** Opening Records shown block **
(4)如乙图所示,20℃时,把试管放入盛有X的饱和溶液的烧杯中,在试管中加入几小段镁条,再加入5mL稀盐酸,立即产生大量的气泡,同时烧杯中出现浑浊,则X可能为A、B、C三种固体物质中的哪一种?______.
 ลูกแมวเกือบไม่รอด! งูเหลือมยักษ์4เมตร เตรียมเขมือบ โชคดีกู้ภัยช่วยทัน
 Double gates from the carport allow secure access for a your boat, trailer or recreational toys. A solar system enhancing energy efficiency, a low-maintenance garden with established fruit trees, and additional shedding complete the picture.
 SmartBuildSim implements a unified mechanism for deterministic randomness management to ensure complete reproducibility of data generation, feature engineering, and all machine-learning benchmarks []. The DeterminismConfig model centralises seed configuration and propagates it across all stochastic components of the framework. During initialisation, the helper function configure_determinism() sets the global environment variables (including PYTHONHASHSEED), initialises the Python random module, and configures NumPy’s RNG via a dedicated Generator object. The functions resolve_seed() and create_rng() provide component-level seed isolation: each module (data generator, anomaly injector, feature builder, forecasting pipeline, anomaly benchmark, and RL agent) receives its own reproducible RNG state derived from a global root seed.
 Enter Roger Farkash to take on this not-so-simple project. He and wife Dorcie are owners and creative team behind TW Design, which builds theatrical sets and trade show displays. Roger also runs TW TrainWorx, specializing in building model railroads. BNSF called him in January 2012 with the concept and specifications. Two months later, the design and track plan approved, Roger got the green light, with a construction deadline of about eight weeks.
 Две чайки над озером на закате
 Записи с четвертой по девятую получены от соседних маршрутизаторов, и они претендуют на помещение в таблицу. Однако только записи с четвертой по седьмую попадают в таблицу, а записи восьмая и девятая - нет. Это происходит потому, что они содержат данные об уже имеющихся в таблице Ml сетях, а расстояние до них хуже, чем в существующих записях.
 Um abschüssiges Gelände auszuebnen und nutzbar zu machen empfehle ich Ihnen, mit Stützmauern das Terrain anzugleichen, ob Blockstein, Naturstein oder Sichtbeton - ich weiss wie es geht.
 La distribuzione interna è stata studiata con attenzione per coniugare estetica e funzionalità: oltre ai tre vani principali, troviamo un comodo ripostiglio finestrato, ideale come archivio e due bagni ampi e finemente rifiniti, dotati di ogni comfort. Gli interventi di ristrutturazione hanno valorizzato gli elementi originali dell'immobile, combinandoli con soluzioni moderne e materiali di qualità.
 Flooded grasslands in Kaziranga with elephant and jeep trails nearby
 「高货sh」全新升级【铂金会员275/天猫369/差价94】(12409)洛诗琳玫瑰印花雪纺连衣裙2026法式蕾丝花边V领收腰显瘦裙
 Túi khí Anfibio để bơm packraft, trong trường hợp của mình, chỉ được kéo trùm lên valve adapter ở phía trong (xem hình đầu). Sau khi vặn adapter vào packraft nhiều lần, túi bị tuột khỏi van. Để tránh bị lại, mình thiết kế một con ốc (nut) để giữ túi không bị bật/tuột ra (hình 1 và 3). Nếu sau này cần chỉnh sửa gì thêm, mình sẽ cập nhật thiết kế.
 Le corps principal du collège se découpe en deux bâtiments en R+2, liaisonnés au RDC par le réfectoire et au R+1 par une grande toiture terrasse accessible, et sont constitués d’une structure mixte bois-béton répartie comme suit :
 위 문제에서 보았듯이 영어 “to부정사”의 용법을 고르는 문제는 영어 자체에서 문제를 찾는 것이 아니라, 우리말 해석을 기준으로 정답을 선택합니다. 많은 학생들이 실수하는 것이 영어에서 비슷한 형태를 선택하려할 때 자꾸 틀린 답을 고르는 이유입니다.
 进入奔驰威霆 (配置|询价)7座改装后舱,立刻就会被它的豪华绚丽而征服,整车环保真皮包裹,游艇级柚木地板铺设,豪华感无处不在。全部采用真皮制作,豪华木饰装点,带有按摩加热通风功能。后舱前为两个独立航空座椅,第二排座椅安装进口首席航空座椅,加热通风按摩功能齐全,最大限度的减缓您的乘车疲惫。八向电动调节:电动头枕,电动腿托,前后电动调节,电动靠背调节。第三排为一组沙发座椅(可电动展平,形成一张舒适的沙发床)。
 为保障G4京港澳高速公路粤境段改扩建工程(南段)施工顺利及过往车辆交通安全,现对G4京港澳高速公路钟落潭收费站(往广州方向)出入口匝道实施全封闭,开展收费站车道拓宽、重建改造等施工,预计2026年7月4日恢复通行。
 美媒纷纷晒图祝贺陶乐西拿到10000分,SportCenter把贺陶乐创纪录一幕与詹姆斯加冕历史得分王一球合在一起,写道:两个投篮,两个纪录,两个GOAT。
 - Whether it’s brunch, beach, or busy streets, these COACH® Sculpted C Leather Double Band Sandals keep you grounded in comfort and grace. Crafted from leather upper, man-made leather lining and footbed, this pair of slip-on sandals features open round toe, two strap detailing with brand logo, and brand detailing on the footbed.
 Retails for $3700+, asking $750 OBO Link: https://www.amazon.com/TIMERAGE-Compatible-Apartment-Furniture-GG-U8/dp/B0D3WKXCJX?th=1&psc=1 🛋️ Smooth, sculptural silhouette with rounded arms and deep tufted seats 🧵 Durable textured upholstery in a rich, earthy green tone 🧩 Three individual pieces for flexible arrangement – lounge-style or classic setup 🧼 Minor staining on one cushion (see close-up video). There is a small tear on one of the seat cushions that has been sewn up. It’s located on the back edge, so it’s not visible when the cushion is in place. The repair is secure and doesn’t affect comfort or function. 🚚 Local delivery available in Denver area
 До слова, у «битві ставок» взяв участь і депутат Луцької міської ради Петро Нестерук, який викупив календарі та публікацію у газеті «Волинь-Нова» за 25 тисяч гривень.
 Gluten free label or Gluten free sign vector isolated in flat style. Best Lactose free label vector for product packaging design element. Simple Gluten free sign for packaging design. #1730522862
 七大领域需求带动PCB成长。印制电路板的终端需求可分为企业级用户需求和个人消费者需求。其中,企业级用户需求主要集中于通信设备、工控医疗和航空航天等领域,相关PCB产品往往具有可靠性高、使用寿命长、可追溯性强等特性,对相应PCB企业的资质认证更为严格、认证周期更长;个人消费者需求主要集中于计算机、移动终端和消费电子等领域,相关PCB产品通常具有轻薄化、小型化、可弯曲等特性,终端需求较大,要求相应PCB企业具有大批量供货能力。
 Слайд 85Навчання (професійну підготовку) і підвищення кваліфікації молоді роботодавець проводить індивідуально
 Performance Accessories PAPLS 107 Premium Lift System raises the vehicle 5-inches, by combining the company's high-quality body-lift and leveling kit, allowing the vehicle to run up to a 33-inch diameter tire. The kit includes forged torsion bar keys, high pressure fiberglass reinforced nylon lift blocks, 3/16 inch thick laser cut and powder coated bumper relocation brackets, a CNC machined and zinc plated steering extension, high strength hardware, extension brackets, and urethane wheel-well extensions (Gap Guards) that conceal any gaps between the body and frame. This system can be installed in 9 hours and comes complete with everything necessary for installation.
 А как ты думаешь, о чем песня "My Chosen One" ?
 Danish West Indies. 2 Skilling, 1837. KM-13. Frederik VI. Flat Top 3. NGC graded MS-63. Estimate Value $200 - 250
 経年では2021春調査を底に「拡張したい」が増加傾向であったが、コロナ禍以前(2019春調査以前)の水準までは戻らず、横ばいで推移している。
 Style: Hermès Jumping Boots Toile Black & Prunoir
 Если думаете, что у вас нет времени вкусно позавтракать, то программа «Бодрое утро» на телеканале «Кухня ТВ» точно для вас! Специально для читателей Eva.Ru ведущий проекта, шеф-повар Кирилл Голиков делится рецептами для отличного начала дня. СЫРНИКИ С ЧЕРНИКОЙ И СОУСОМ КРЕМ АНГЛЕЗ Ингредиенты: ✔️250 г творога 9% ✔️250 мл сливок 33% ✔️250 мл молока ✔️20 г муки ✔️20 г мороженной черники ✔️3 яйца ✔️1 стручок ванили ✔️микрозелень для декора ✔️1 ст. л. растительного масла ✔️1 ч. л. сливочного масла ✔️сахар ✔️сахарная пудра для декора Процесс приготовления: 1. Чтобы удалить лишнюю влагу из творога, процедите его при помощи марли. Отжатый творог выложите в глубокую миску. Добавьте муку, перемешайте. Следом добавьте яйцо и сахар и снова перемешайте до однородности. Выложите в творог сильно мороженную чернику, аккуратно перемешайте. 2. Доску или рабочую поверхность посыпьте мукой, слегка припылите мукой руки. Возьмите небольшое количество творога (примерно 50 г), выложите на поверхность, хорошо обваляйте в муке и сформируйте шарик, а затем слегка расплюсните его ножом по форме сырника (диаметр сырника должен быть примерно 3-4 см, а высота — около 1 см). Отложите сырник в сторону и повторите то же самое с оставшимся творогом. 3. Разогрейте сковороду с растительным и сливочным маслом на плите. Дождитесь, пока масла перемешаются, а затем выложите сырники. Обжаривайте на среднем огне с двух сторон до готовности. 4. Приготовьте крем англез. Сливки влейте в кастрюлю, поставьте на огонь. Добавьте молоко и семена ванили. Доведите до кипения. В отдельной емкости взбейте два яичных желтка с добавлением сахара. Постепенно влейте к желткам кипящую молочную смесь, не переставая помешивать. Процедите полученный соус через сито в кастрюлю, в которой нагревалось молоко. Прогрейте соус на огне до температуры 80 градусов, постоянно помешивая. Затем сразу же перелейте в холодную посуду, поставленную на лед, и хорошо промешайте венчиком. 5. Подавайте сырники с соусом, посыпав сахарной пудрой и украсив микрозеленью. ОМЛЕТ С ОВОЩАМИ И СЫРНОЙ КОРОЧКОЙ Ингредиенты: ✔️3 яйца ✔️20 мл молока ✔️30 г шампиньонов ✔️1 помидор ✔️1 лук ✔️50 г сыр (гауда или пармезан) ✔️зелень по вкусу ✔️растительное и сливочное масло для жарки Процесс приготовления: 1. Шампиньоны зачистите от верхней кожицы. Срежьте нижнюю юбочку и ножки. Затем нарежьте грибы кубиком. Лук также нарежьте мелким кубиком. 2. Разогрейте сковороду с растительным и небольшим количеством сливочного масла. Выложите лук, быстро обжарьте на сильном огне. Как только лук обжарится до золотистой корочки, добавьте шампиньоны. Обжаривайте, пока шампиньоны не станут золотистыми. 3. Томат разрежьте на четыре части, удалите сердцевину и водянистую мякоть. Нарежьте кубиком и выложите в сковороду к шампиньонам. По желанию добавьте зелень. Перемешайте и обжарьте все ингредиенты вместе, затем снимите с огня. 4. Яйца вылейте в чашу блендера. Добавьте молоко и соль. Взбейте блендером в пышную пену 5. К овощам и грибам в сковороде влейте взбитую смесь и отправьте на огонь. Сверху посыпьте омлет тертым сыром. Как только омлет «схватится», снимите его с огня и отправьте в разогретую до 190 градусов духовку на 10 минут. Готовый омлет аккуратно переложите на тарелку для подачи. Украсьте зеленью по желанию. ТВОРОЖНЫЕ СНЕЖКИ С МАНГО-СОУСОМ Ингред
** Closing Records shown block **
### Problem statement
Scan the material above. Copy each line that holds the word "green".

### Answer section
 Enter Roger Farkash to take on this not-so-simple project. He and wife Dorcie are owners and creative team behind TW Design, which builds theatrical sets and trade show displays. Roger also runs TW TrainWorx, specializing in building model railroads. BNSF called him in January 2012 with the concept and specifications. Two months later, the design and track plan approved, Roger got the green light, with a construction deadline of about eight weeks.
 Retails for $3700+, asking $750 OBO Link: https://www.amazon.com/TIMERAGE-Compatible-Apartment-Furniture-GG-U8/dp/B0D3WKXCJX?th=1&psc=1 🛋️ Smooth, sculptural silhouette with rounded arms and deep tufted seats 🧵 Durable textured upholstery in a rich, earthy green tone 🧩 Three individual pieces for flexible arrangement – lounge-style or classic setup 🧼 Minor staining on one cushion (see close-up video). There is a small tear on one of the seat cushions that has been sewn up. It’s located on the back edge, so it’s not visible when the cushion is in place. The repair is secure and doesn’t affect comfort or function. 🚚 Local delivery available in Denver area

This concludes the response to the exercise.